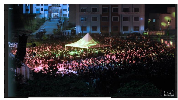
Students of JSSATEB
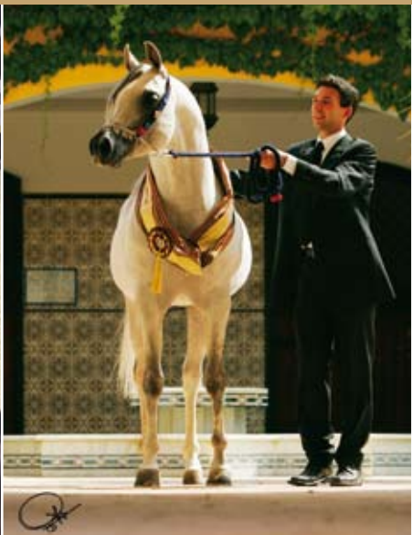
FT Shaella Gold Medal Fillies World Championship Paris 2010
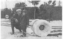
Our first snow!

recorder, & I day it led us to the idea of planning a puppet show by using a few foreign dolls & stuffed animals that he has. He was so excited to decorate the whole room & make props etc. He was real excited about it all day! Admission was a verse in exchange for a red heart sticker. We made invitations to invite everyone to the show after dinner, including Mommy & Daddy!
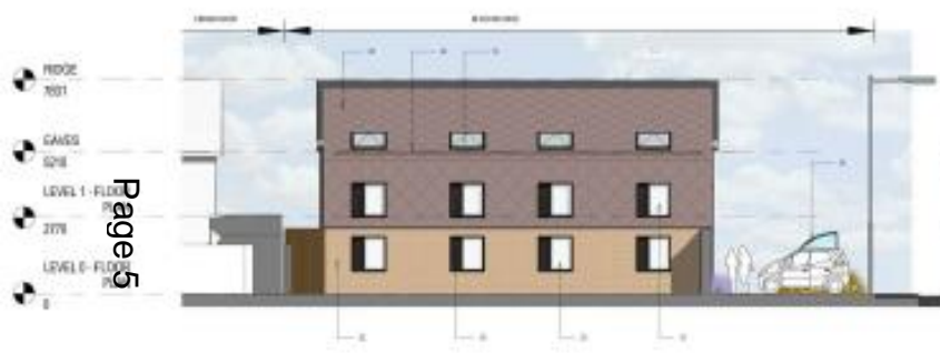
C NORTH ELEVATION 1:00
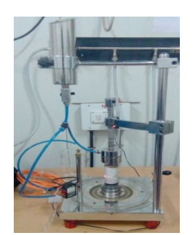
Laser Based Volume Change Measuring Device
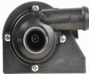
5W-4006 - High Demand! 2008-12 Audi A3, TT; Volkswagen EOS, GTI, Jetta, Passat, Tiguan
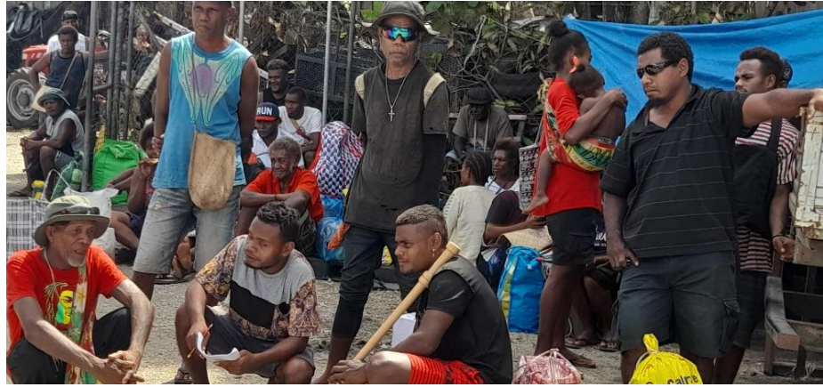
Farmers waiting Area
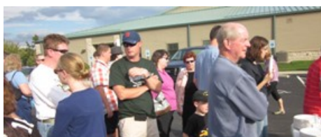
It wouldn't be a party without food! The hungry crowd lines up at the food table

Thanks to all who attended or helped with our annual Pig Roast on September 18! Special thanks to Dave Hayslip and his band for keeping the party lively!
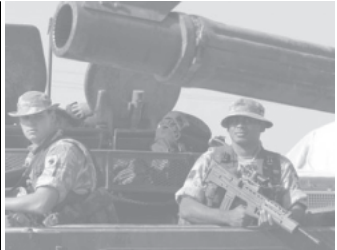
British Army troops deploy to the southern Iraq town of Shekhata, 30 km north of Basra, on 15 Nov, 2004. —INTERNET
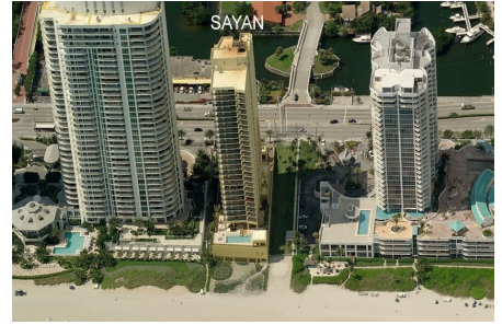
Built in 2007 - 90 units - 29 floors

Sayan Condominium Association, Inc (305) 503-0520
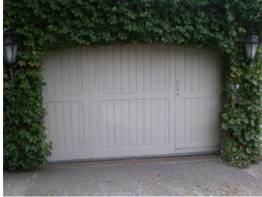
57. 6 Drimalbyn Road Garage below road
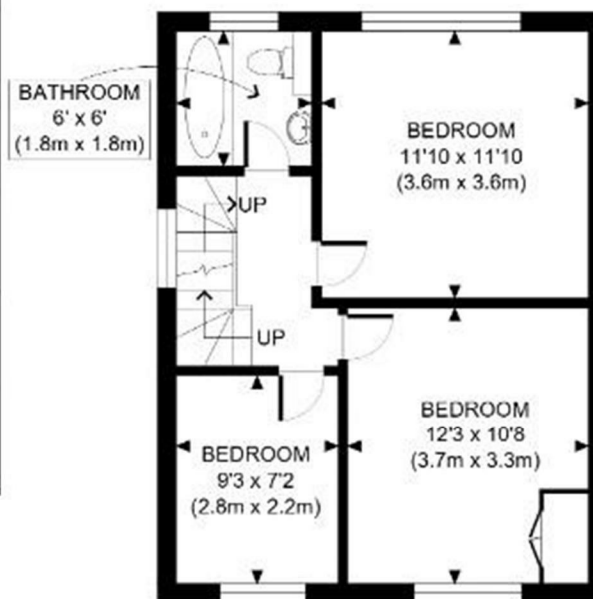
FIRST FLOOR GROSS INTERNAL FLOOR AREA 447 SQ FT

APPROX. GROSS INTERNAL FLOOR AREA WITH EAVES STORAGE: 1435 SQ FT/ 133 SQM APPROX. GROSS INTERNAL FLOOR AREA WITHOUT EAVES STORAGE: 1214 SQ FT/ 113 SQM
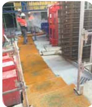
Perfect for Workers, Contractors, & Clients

----

■ Problem ■
The lines to set down run from the line with "Thanks to all" up to and including the line with "Sayan Condominium Association, Inc" in the entries above. Reproduce them exactly, with no pictures.

■ Exercise solution ■
Thanks to all who attended or helped with our annual Pig Roast on September 18! Special thanks to Dave Hayslip and his band for keeping the party lively!
British Army troops deploy to the southern Iraq town of Shekhata, 30 km north of Basra, on 15 Nov, 2004. —INTERNET
Built in 2007 - 90 units - 29 floors

Sayan Condominium Association, Inc (305) 503-0520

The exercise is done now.